Exercise objective: An exact transcript of every entry is required, without any of the pictures.

Saved entries:

======

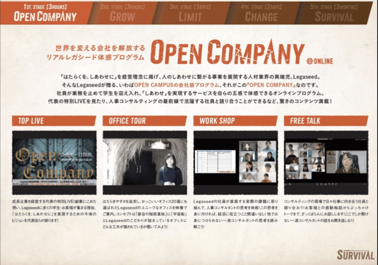 「OPEN COMPANY」という3時間のオンライン会社説明会では、社長講話・オフィスツアー・座談会・ワークの内容を盛り込みました。
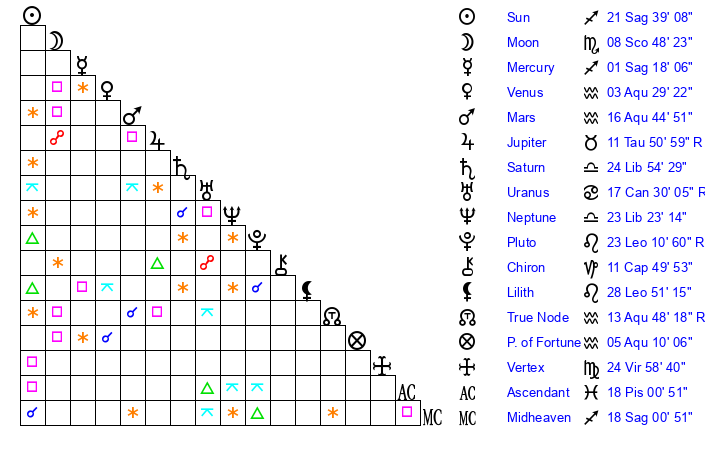 | Sun | 21 Sagittarius 39 | 21 Sagittarius 56 | 5 Pisces 48 |
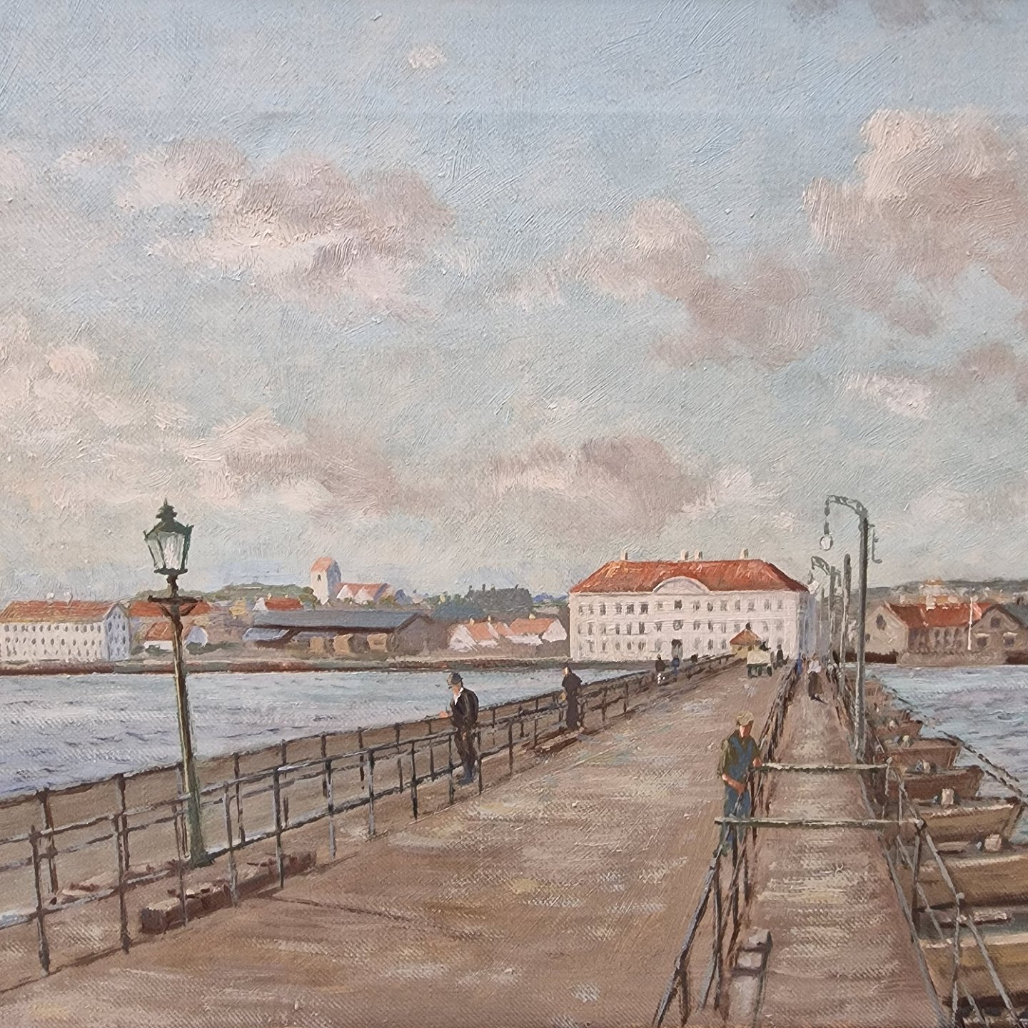 Maleri af protonbroen over Limfjorden med Hotel Royal på Aalborg siden
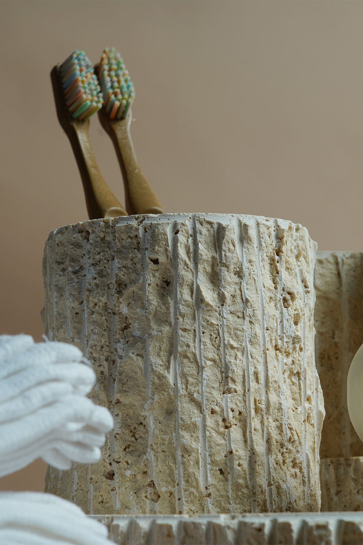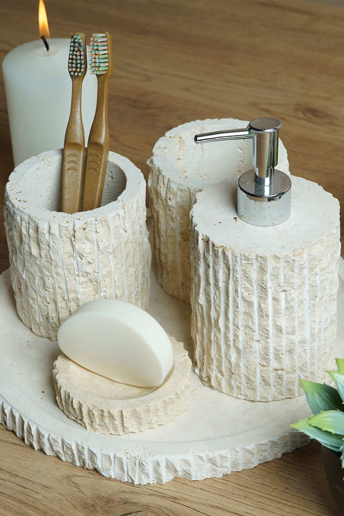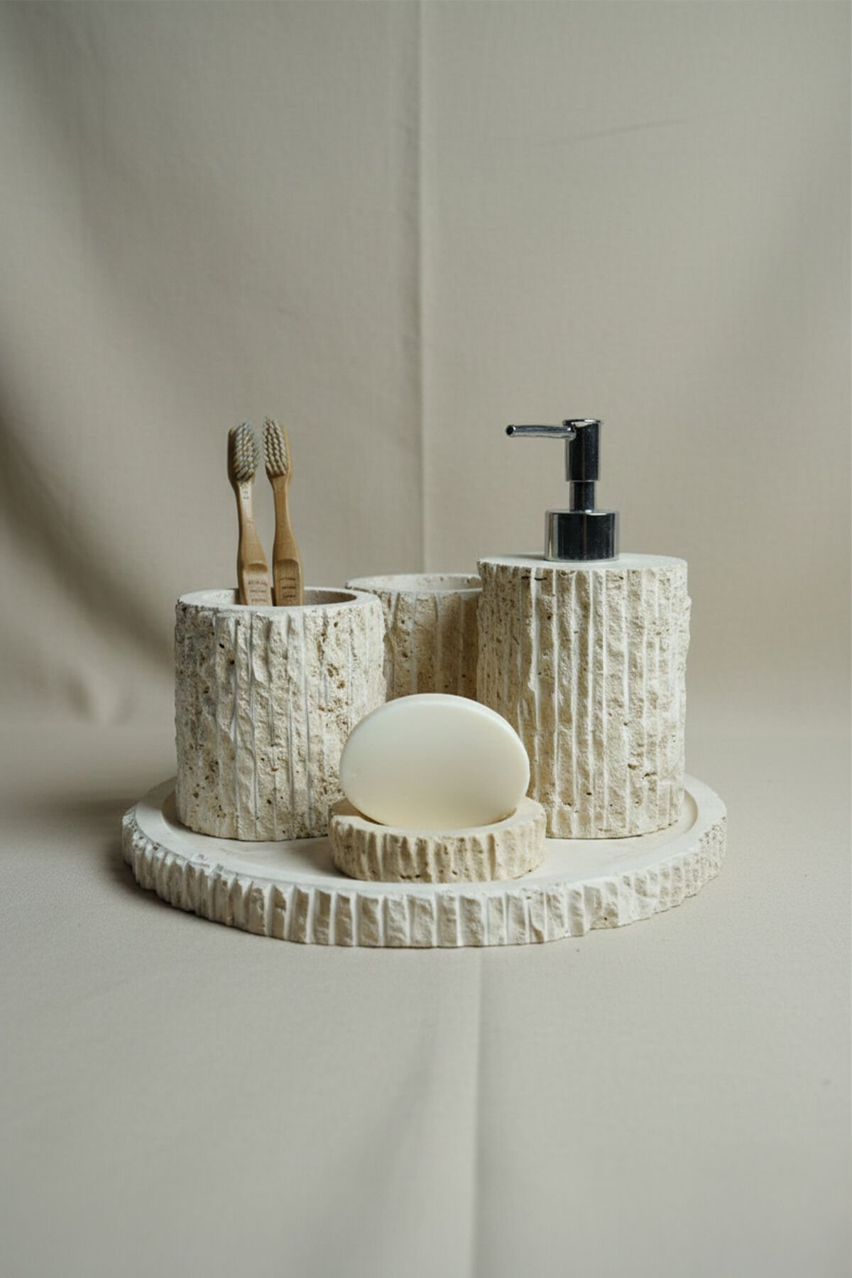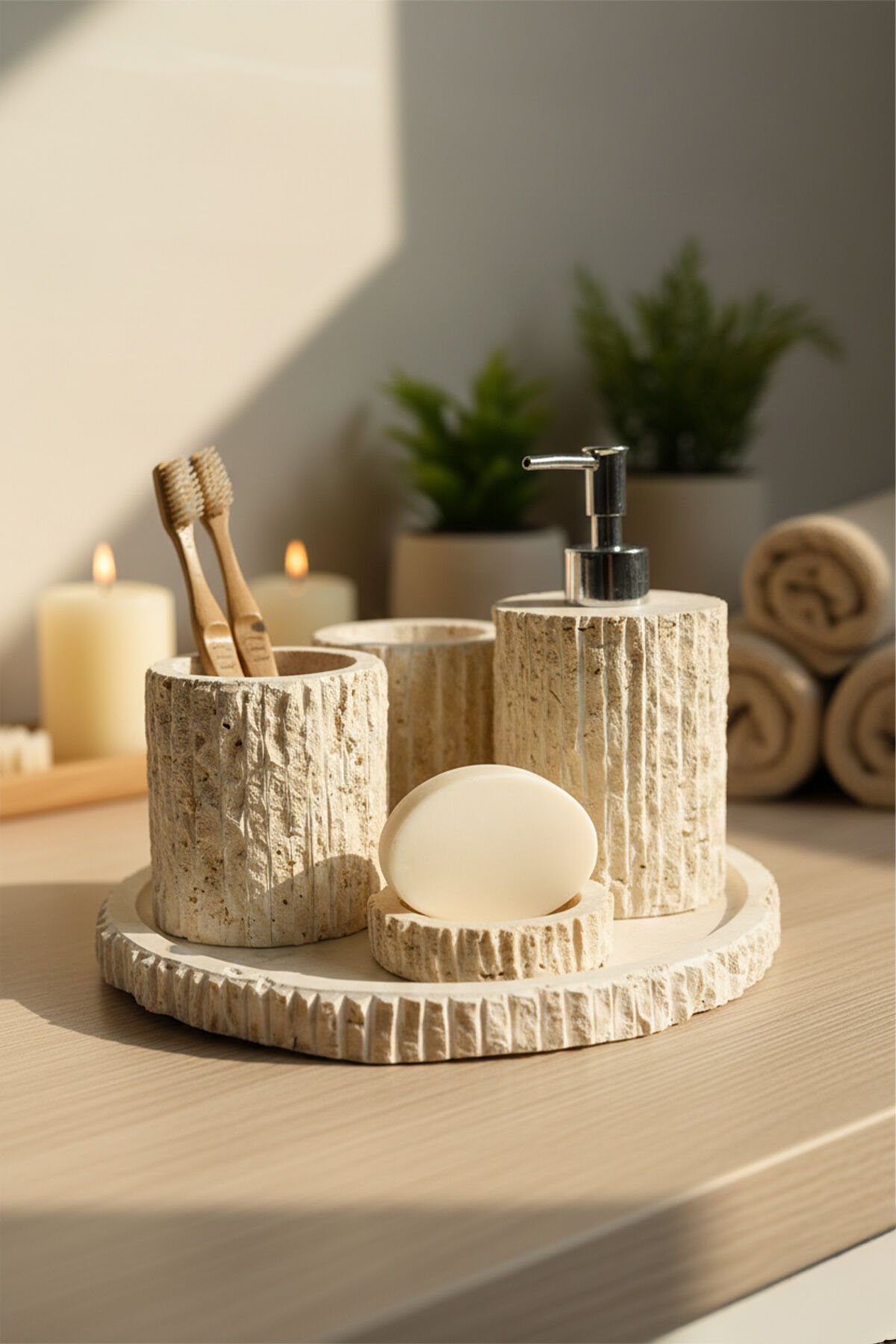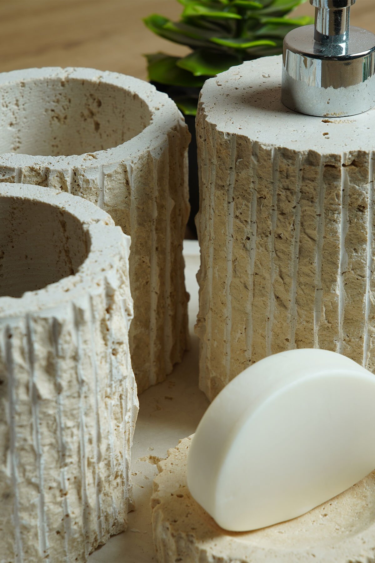 Doğal traverten taşının sıcak ve doğal dokusunu banyonuza taşıyan Traverten Mermer Banyo Seti, tamamen el işçiliği ile üretilmiş modern ve dekoratif bir banyo aksesuar takımıdır. Gözenekli traverten yüzeyi ve dikey oyma detayları sayesinde rustik, doğal ve şık bir görünüm sunar. Farklı renk ve doku varyantlarıyla her banyo dekorasyonuna uyum sağlar.
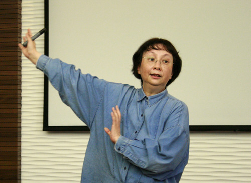 一头短发,一件半旧的牛仔衬衫,一口标准甚至略带“京味儿”的普通话,让人很难与“辜振甫之女”这样的称号联系在一起。10月25日下午14:30分,辜怀群在副院长韩生的陪同下,来到红楼209教室,为上戏师生做了一堂题为《戏剧路上我和你》的精彩演讲。如果说,一开始,很多观众都是因籍着“辜振甫之女”而来看看热闹,此后的120分钟却给了许多人前所未有的冲击。两个小时里,济济一堂的209教室里时而鸦鹊无声、时而开怀大笑,分享着这位与众不同的戏剧人带来的戏剧之喜。
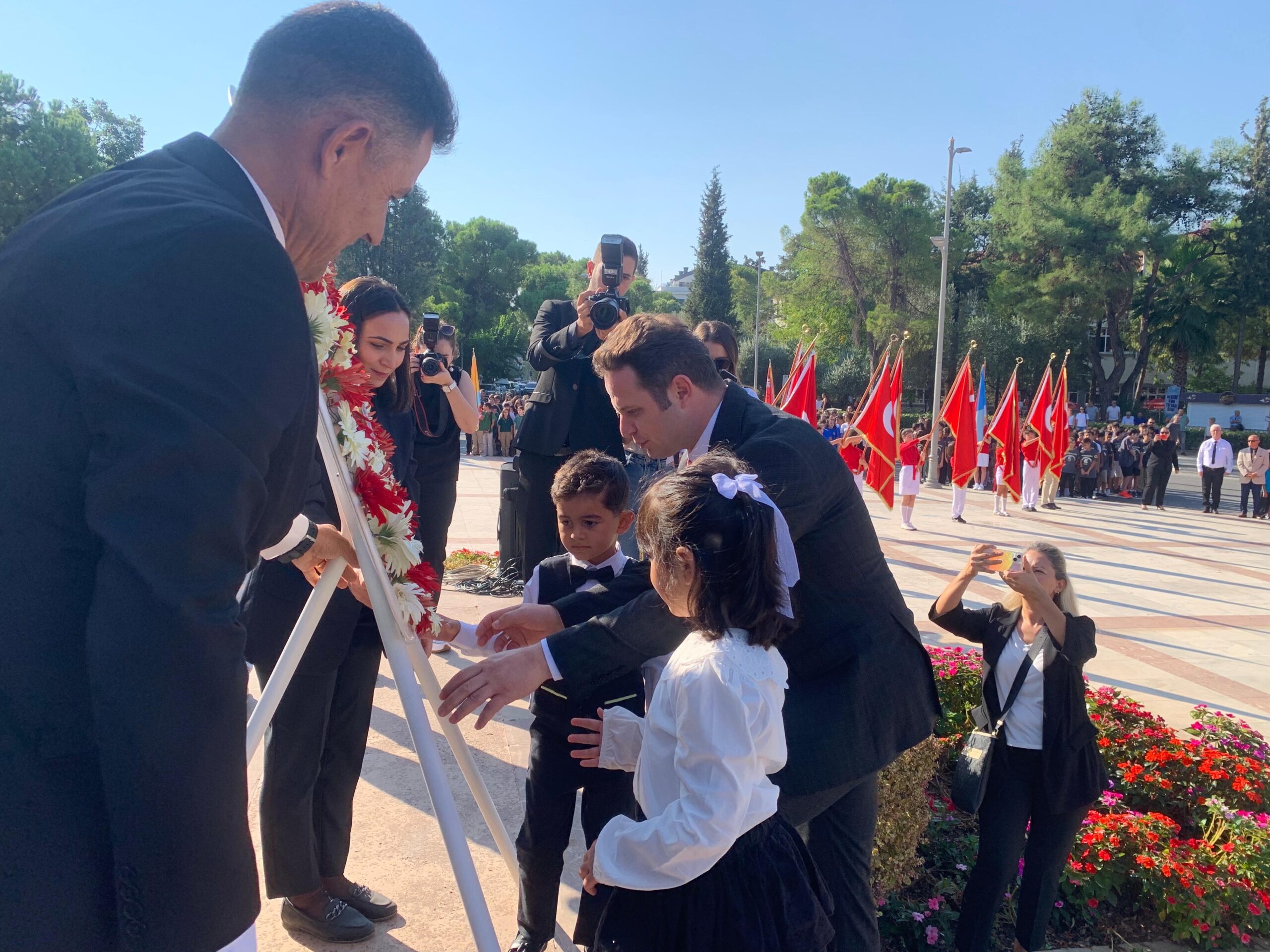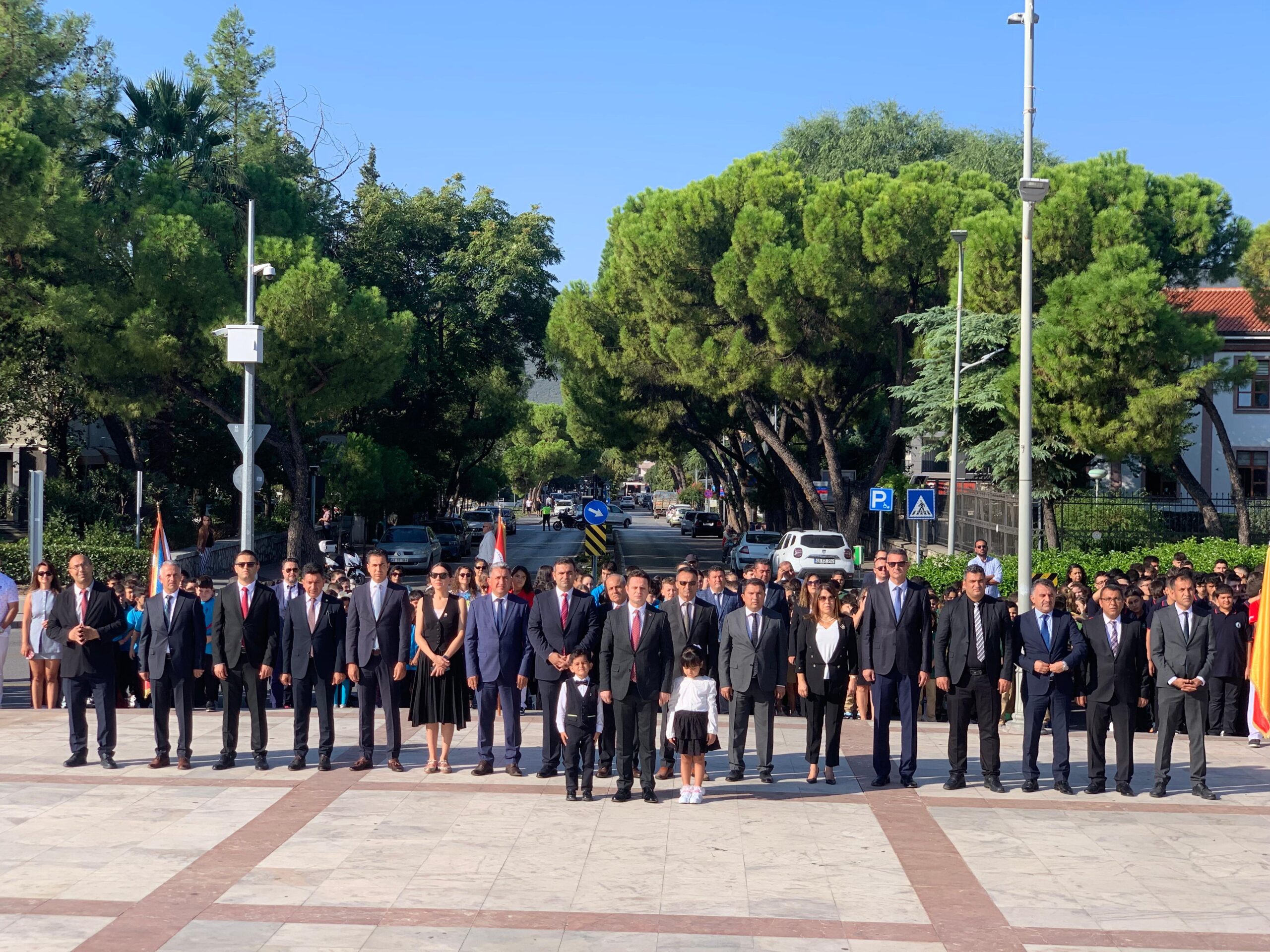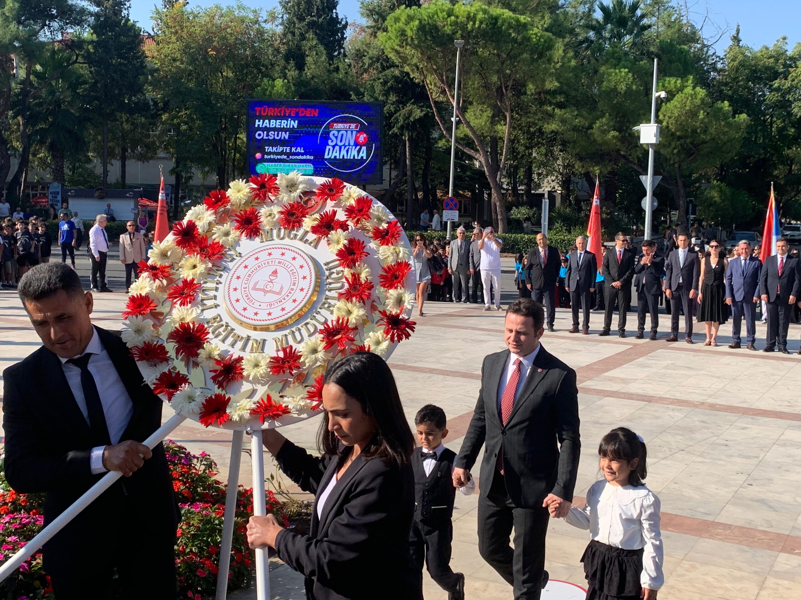 Tören, saygı duruşu ve İstiklal Marşı’nın okunmasıyla başladı. Muğla İl Milli Eğitim Müdürü Emre Çay çelengini Cumhuriyet Meydanı’nda bulunan Atatürk Anıtı’na sundu.

======

Result:
 「OPEN COMPANY」という3時間のオンライン会社説明会では、社長講話・オフィスツアー・座談会・ワークの内容を盛り込みました。
 | Sun | 21 Sagittarius 39 | 21 Sagittarius 56 | 5 Pisces 48 |
 Maleri af protonbroen over Limfjorden med Hotel Royal på Aalborg siden
 Doğal traverten taşının sıcak ve doğal dokusunu banyonuza taşıyan Traverten Mermer Banyo Seti, tamamen el işçiliği ile üretilmiş modern ve dekoratif bir banyo aksesuar takımıdır. Gözenekli traverten yüzeyi ve dikey oyma detayları sayesinde rustik, doğal ve şık bir görünüm sunar. Farklı renk ve doku varyantlarıyla her banyo dekorasyonuna uyum sağlar.
 一头短发,一件半旧的牛仔衬衫,一口标准甚至略带“京味儿”的普通话,让人很难与“辜振甫之女”这样的称号联系在一起。10月25日下午14:30分,辜怀群在副院长韩生的陪同下,来到红楼209教室,为上戏师生做了一堂题为《戏剧路上我和你》的精彩演讲。如果说,一开始,很多观众都是因籍着“辜振甫之女”而来看看热闹,此后的120分钟却给了许多人前所未有的冲击。两个小时里,济济一堂的209教室里时而鸦鹊无声、时而开怀大笑,分享着这位与众不同的戏剧人带来的戏剧之喜。
 Tören, saygı duruşu ve İstiklal Marşı’nın okunmasıyla başladı. Muğla İl Milli Eğitim Müdürü Emre Çay çelengini Cumhuriyet Meydanı’nda bulunan Atatürk Anıtı’na sundu.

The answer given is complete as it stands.